### [What is needed]
Give back exactly the lines starting at the one with "月の動き −4年生学習用− の,「月の満ち欠け」についての解説です。" and ending at the last line of the data below. Pictures are not part of the copy.

### [Given information]
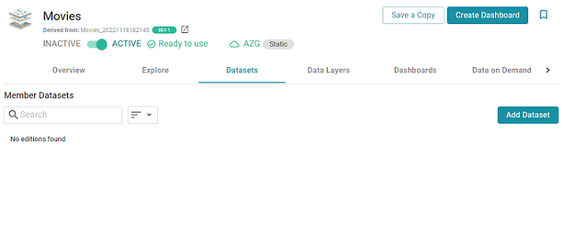 - By default the current working edition (Managed Edition) of the dataset is selected. If you want to select a different edition, follow these steps:
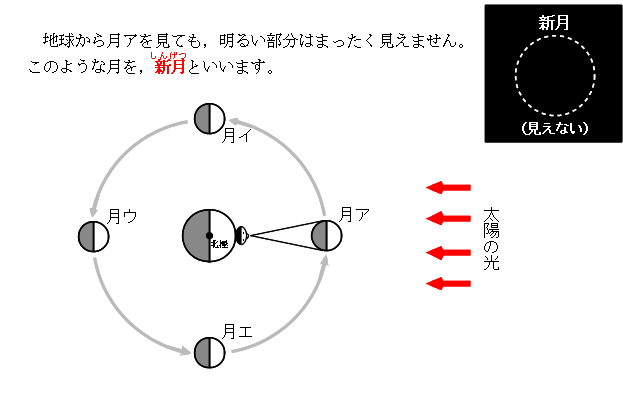 月の動き −4年生学習用− の,「月の満ち欠け」についての解説です。
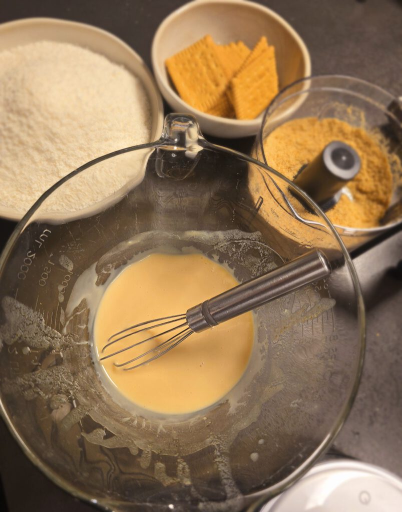 - Geschmolzene Butter, Kondensmilch und Vanillextrakt in die große Nixe geben und mit einem Schneebesen verrühren40 gr. geschmolzene Butter, 230 gr. gezuckerte Kondensmilch, 1 TL Vanilleextrakt
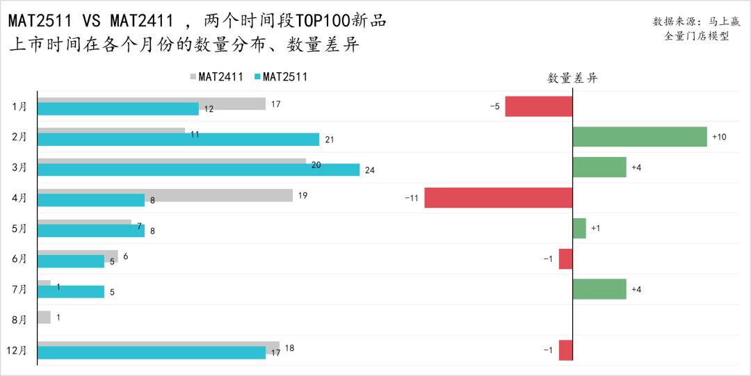 在TOP100新品分布与趋势变化的最后,我们也观察了TOP100新品在两个时间段中各自不同的上市时间分布情况。

### [Written solution]
 月の動き −4年生学習用− の,「月の満ち欠け」についての解説です。
 - Geschmolzene Butter, Kondensmilch und Vanillextrakt in die große Nixe geben und mit einem Schneebesen verrühren40 gr. geschmolzene Butter, 230 gr. gezuckerte Kondensmilch, 1 TL Vanilleextrakt
 在TOP100新品分布与趋势变化的最后,我们也观察了TOP100新品在两个时间段中各自不同的上市时间分布情况。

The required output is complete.